= Work to complete =
Retype each line of the data below exactly, beginning with the first and ending with the one that contains "It was a Varied". Pictures do not belong in the copy.
######
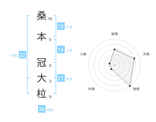 桑本 冠大柆さんを姓名の画数から五運を鑑定
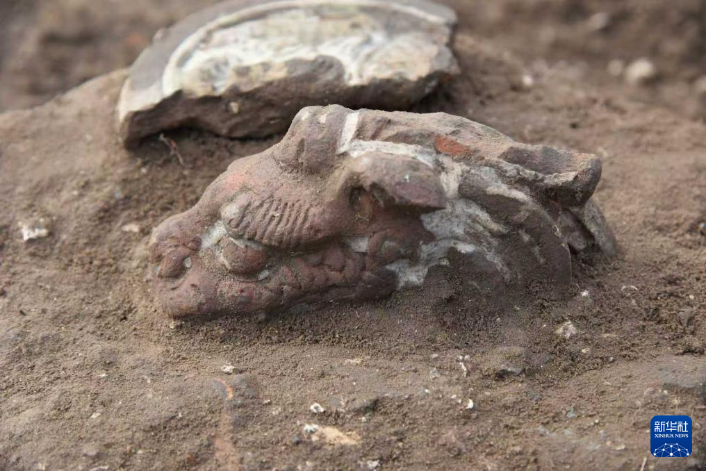 据了解,本年度发掘出土遗物主要出自基址上的倒塌堆积,出土遗物多为建筑材料,包括陶板瓦、筒瓦、瓦当、滴水、脊兽、砖,以及石螭首、栏杆构件等。陶建筑材料多有琉璃器,以绿色琉璃为多。瓦当、滴水纹饰以龙纹为主,凤纹为次。其他遗物中可见大量残塑件,应是建筑或佛像上的装饰品。
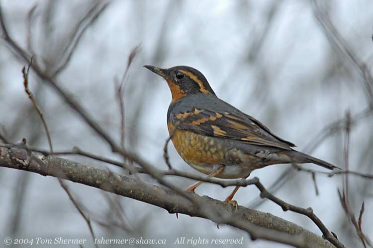 It was a Varied Thrush. Here he's posing on a tree branch for
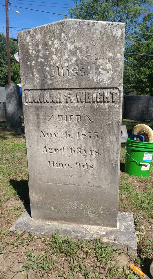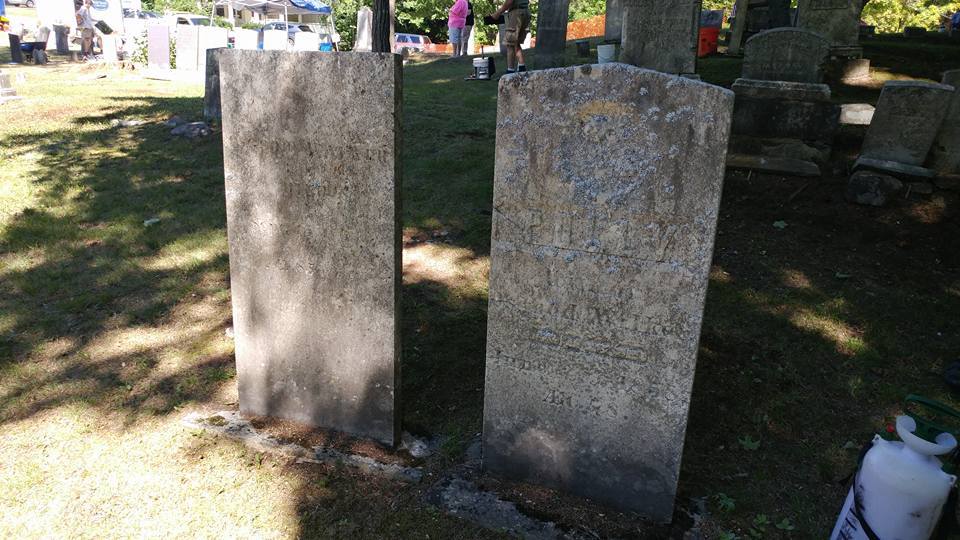 Here's a couple stones me and my partner cleaned, just with water and a soft bristle brush (before and after). BF noted how long it had to have taken us based upon the sun in the pictures. While he was correct that this isn't quick, we also dug out and reset Polly's footstone (it was broken off and someone shoved it back in backwards and it was all crooked - note use the cheap plastic trowels not the metal ones so you don't damage the stone and remember only free dig up small stuff - the big stones weigh hundreds of pounds - we'll be using the tripod and wood to brace those tomorrow to dig/straighten).
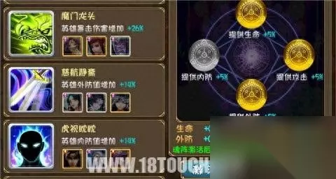 当然,我们在魂阵的选择上也不要盲目,而是有条件的。魂阵的挑选有2个条件,一是激活的总加成,如总角之好加成了英雄攻击力的10%,以及2个英雄战位的属性(内防5%和外防5%),而英雄构成是少年寇仲和少年徐子陵。 这个容易凑的魂阵我们就可以前期拿来使用。毕竟攻击力和双防都是我们前中期非常需要的。而到了中期我们在根据我们的阵容情况去激活顶级魂阵。
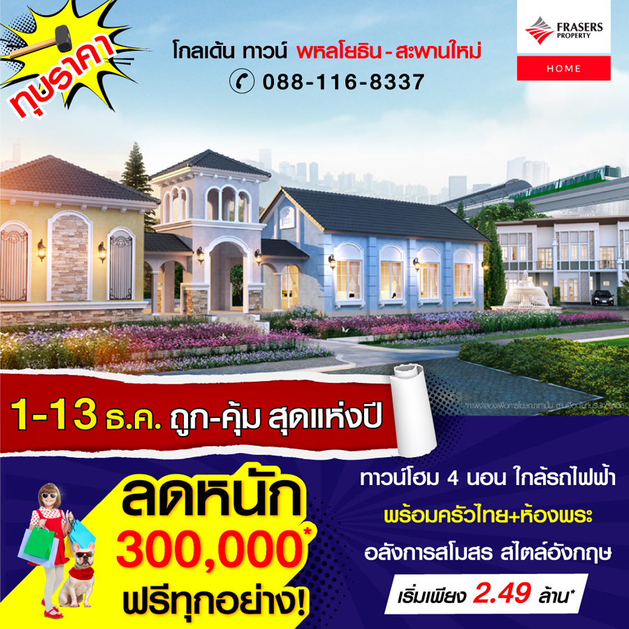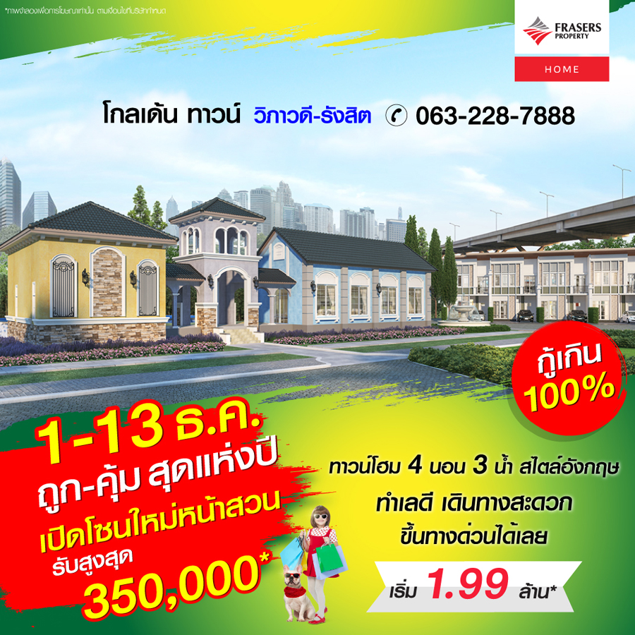 Promotion : 1-13 ธ.ค.นี้ ถูก-คุ้ม สุดแห่งปี รับคืนสูงสุด 3 แสน* เปิดโซนหน้าสวน พร้อมโปรแรง ผ่อนถูกกว่าเช่า ผ่อนเพียงล้านละ 3,300 บาท/เดือน* คุ้มยิ่งกว่าคุ้ม ราคาสุดพิเศษเพียง 1.89 ล้าน* ทาวน์โฮม 4 ห้องนอน ฟังก์ชันครบครัน พร้อมสโมสรหรู + สระว่ายน้ำ ทำเลคุณภาพ ติดถนนใหญ่+ห้างบิ๊กซี
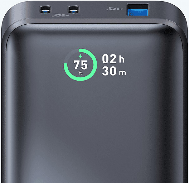 Die Anzeigen auf der Vorderseite der Powerbank zeigen an, wie lange Sie noch laden können und wie viel Prozent des Akkus die Powerbank noch hat. So werden Sie nie wieder Überraschungen erleben. Die Powerbank von Anker hat eine hohe Ladegeschwindigkeit. Sie lädt schnell auf und schont trotzdem den Akku!
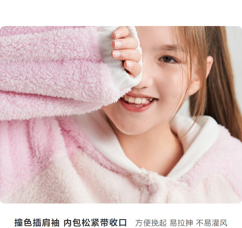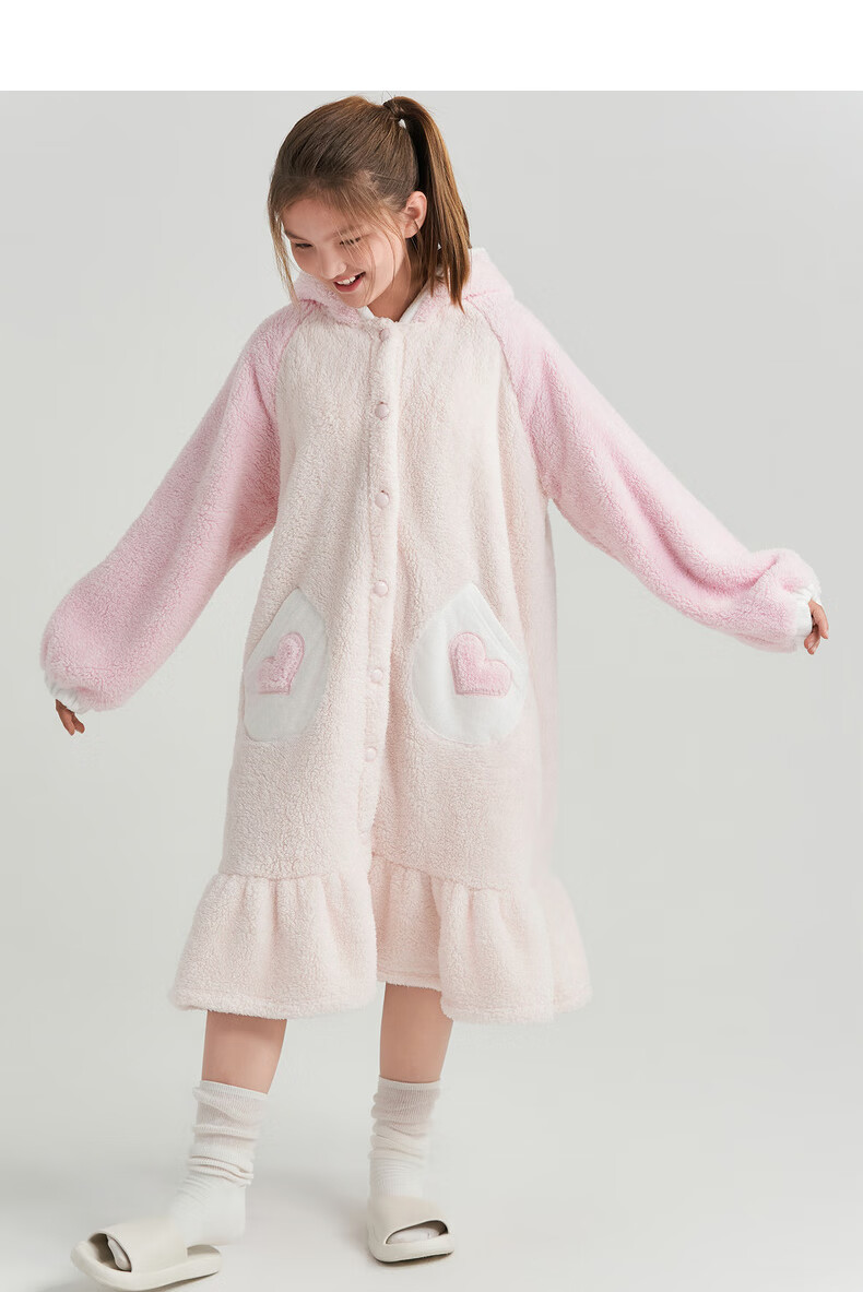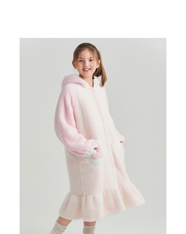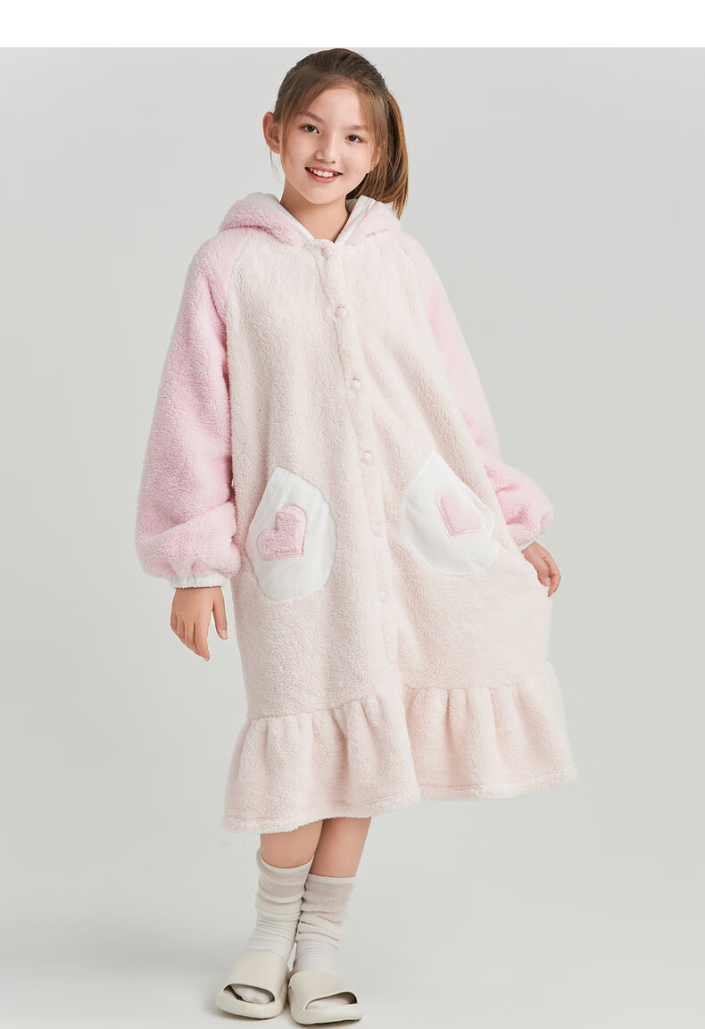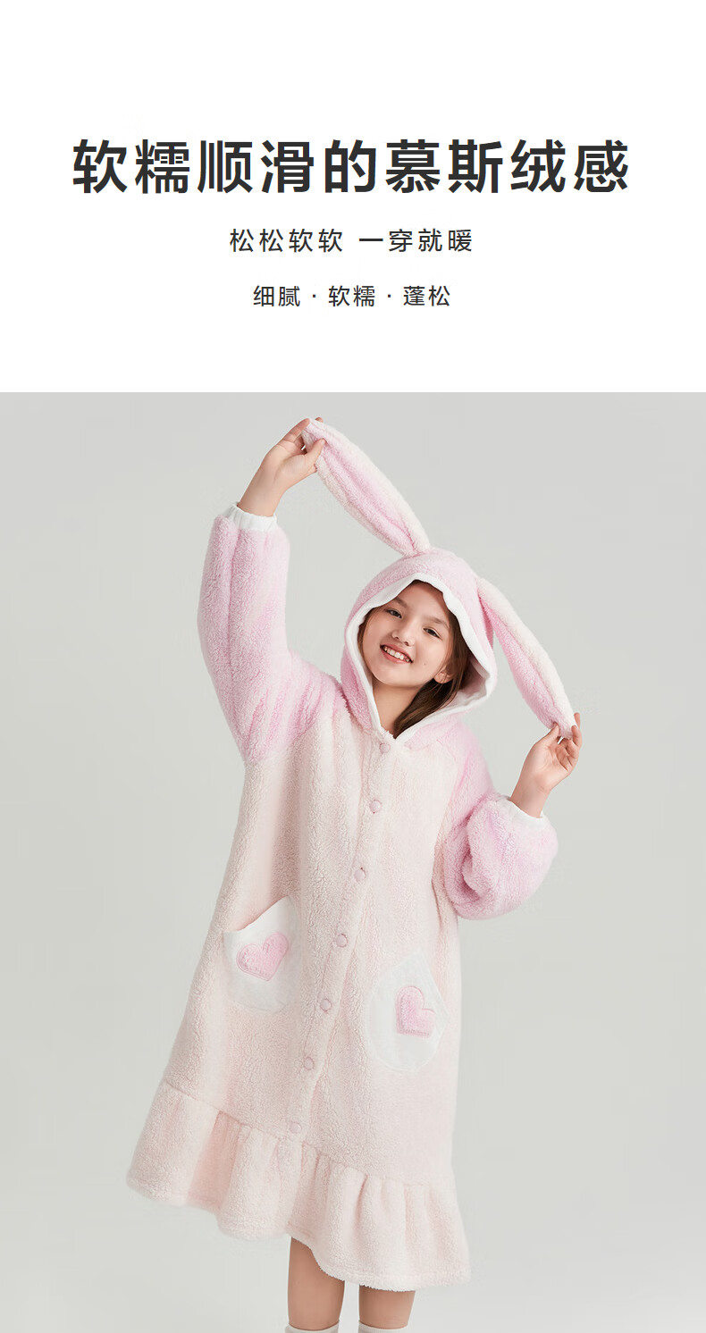 Adoring boy sweet and cute autumn and winter thickened home clothes pajamas girl fluffy bunny hooded pajamas fun bunny ears pink pink 170
######
= Response =
 桑本 冠大柆さんを姓名の画数から五運を鑑定
 据了解,本年度发掘出土遗物主要出自基址上的倒塌堆积,出土遗物多为建筑材料,包括陶板瓦、筒瓦、瓦当、滴水、脊兽、砖,以及石螭首、栏杆构件等。陶建筑材料多有琉璃器,以绿色琉璃为多。瓦当、滴水纹饰以龙纹为主,凤纹为次。其他遗物中可见大量残塑件,应是建筑或佛像上的装饰品。
 It was a Varied Thrush. Here he's posing on a tree branch for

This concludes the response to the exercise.